Fog computing, which is also known as fog or fog networking, is introduced as an emergent and novel paradigm for extending cloud services. Although cloud computing is presented as a model that provides on-demand and ubiquitous access to a shared pool of computing and storage resources, cloud resources are far from users, and as a result, the cloud cannot support low-latency services alone. The fog can extend these computing and storage resources by incorporating a transitional layer between the IoT devices and the cloud, leading to a three-layer hierarchy: user devices layer, fog layer, and cloud layer. The middle fog layer consists of a set of base stations, routers, and gateways that are geographically distributed and places as near as possible to the IoT devices. It is widely known that fog brings the cloud closer to the ground (IoT devices) [72, 88].
Conclusion and limitation
In conclusion, in this paper, a systematic study was presented with a focus on the current research studies of offloading mechanisms in fog computing, including its architecture, technologies, and application. In this study, by applying our search query, 131 publications were selected at the initial selection. At the final selection, we selected 37 papers with reference to the research questions and classified them based on their contents. According to RQ2, the applied mechanisms in the offloading of fog computing were classified into four groups, with the highest percentage of studies done in computation-based mechanisms with 38%, hybrid mechanisms with 35%, energy-based mechanisms with 16%, and storage-based mechanisms with 11% of all types of applied mechanisms. They were compared and analyzed according to their significance and crucial evaluation metrics. The key differences, advantages, disadvantages, and important factors of each of the selected works were addressed in the concept of offloading in fog. Based on RQ3, the most important metrics in various proposed approaches were energy and response time by 24% and cost by 20%. According to RQ4, the simulation method (67% of the papers) was dominant in most categories as a method of evaluation, followed by design (22% of the papers) and real-testbed (8% of the papers).
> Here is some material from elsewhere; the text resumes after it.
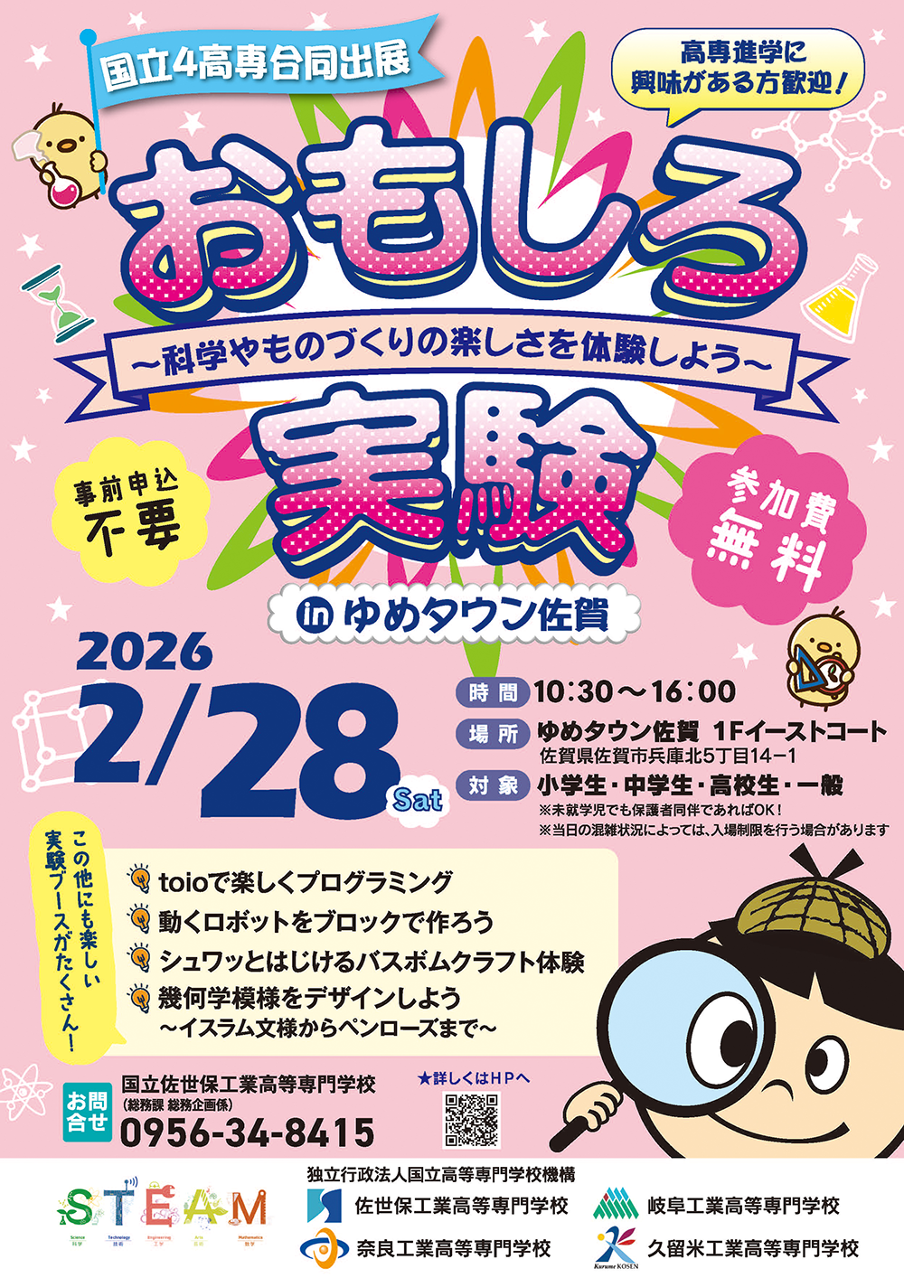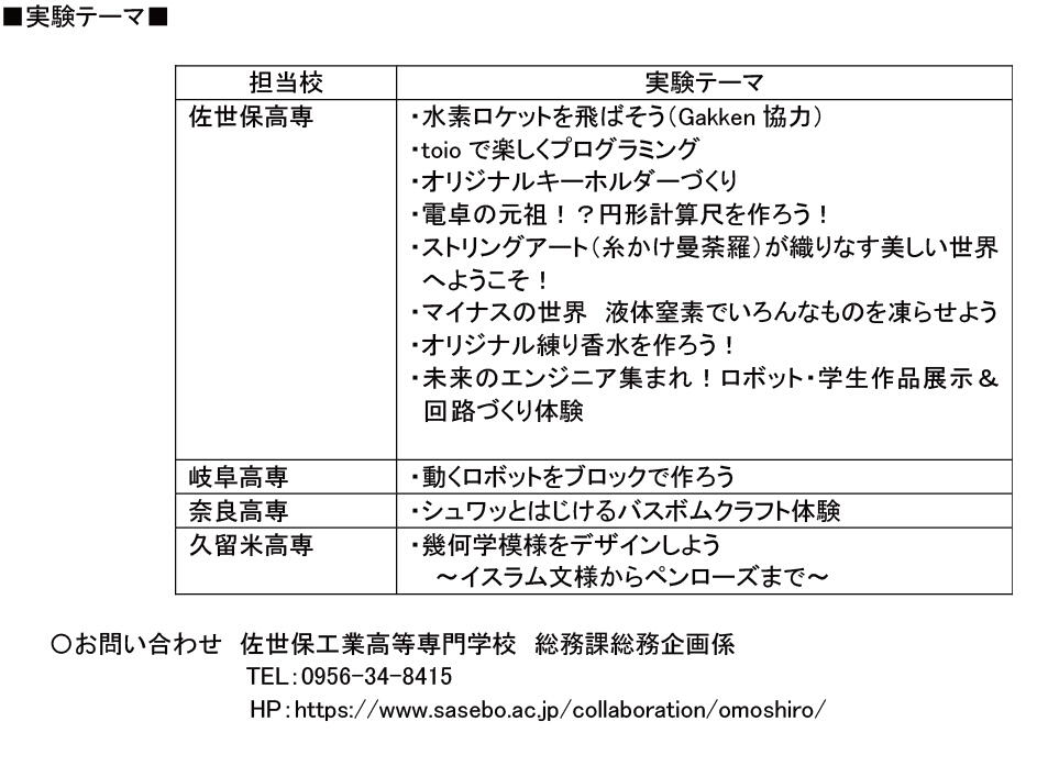 佐賀県での開催は第2回目となる今回は、佐世保高専、岐阜高専、奈良高専、久留米高専の4高専による共同開催となります。

In addition, with respect to the RQ5, the most common algorithms were the non-heuristic ones by 74% and the heuristic ones by 26%. Furthermore, based on RQ6, the existing fog offloading mechanisms have faced several open issues and future trends such as trustworthiness and security, multi-objective mechanisms, big data analytics, new generation mobile networks, network management, and carbon-aware offloading for geo-distributed. Lucidly, the most important challenges are scalability and real-testbed implementation.